Record extracts:

╭──

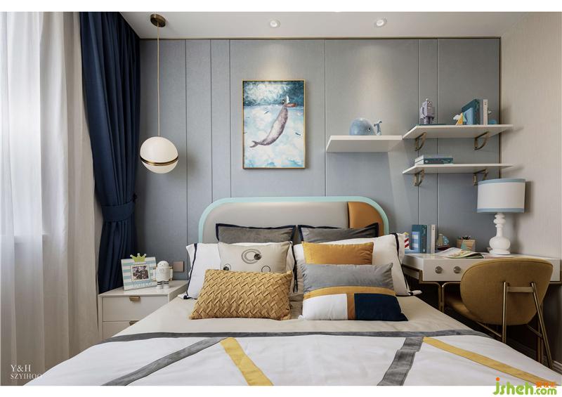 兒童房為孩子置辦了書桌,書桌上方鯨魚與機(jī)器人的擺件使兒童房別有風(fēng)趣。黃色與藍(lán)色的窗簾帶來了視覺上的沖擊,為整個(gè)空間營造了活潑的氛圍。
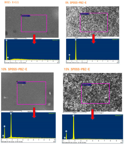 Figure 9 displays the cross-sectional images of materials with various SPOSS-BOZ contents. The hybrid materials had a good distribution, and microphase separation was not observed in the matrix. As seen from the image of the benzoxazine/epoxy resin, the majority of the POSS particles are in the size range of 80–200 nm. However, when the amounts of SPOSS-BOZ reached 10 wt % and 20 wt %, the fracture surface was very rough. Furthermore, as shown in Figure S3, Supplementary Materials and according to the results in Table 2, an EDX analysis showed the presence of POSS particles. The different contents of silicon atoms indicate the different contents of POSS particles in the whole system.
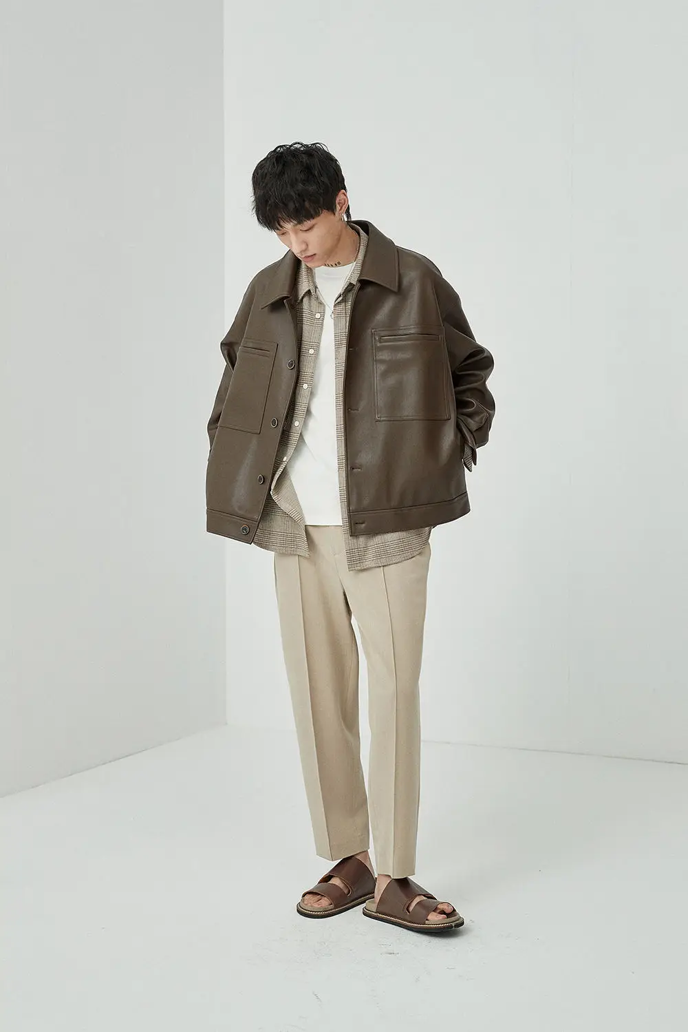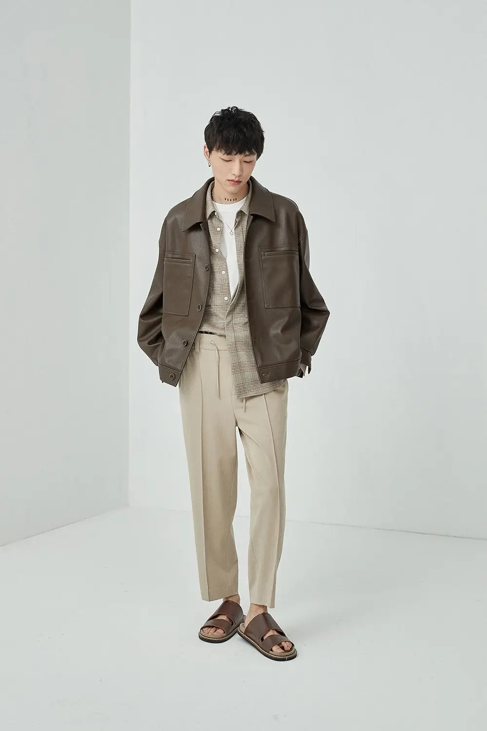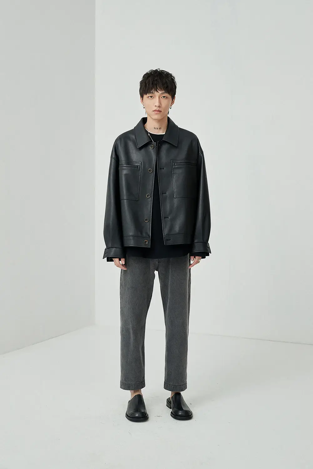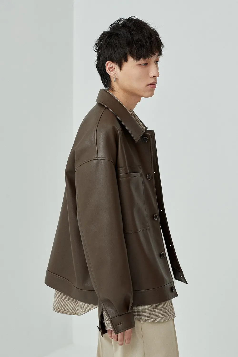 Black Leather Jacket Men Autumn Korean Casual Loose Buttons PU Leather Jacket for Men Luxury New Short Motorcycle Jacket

╰──
╭──

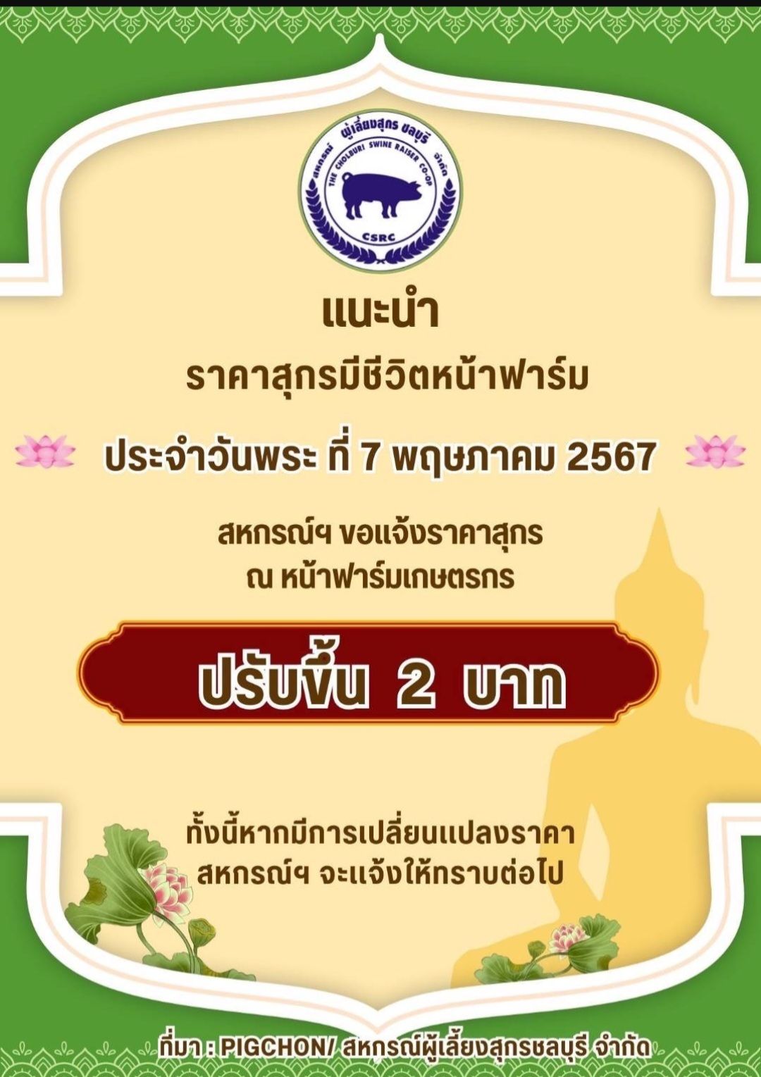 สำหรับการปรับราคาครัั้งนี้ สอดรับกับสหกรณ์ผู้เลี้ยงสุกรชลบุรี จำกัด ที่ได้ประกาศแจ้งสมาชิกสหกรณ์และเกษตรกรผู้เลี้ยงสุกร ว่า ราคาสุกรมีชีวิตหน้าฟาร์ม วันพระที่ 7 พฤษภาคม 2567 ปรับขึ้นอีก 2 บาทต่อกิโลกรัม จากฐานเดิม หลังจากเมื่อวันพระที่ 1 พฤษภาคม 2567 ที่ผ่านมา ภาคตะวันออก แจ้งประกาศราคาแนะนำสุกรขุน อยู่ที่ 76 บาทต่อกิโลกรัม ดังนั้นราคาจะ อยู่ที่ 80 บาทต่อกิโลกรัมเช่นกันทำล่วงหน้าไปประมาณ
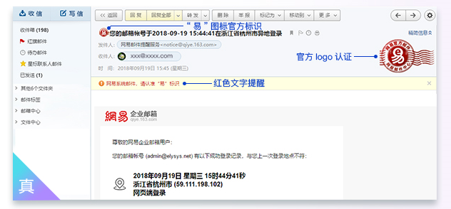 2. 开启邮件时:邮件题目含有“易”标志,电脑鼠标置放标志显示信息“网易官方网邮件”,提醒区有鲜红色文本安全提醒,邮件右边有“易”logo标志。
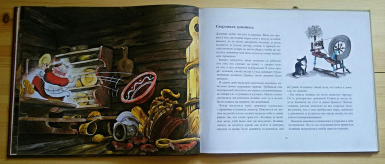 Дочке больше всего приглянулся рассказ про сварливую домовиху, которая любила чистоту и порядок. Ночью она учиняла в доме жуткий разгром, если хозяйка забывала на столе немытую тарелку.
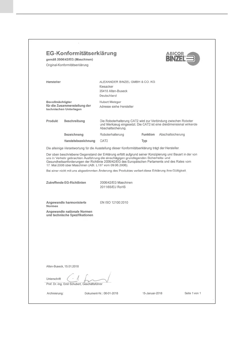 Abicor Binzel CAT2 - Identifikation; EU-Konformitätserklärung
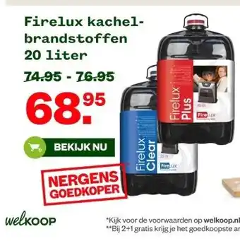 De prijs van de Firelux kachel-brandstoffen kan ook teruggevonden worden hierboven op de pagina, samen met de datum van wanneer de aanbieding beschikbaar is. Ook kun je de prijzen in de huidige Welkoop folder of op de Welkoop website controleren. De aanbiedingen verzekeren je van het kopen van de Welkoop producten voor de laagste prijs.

╰──

To do: What are the lines above from the one with "2. 开启邮件时:邮件题目含" to the one with "De prijs van", both included? Reproduce them exactly, without pictures.

The answer:
 2. 开启邮件时:邮件题目含有“易”标志,电脑鼠标置放标志显示信息“网易官方网邮件”,提醒区有鲜红色文本安全提醒,邮件右边有“易”logo标志。
 Дочке больше всего приглянулся рассказ про сварливую домовиху, которая любила чистоту и порядок. Ночью она учиняла в доме жуткий разгром, если хозяйка забывала на столе немытую тарелку.
 Abicor Binzel CAT2 - Identifikation; EU-Konformitätserklärung
 De prijs van de Firelux kachel-brandstoffen kan ook teruggevonden worden hierboven op de pagina, samen met de datum van wanneer de aanbieding beschikbaar is. Ook kun je de prijzen in de huidige Welkoop folder of op de Welkoop website controleren. De aanbiedingen verzekeren je van het kopen van de Welkoop producten voor de laagste prijs.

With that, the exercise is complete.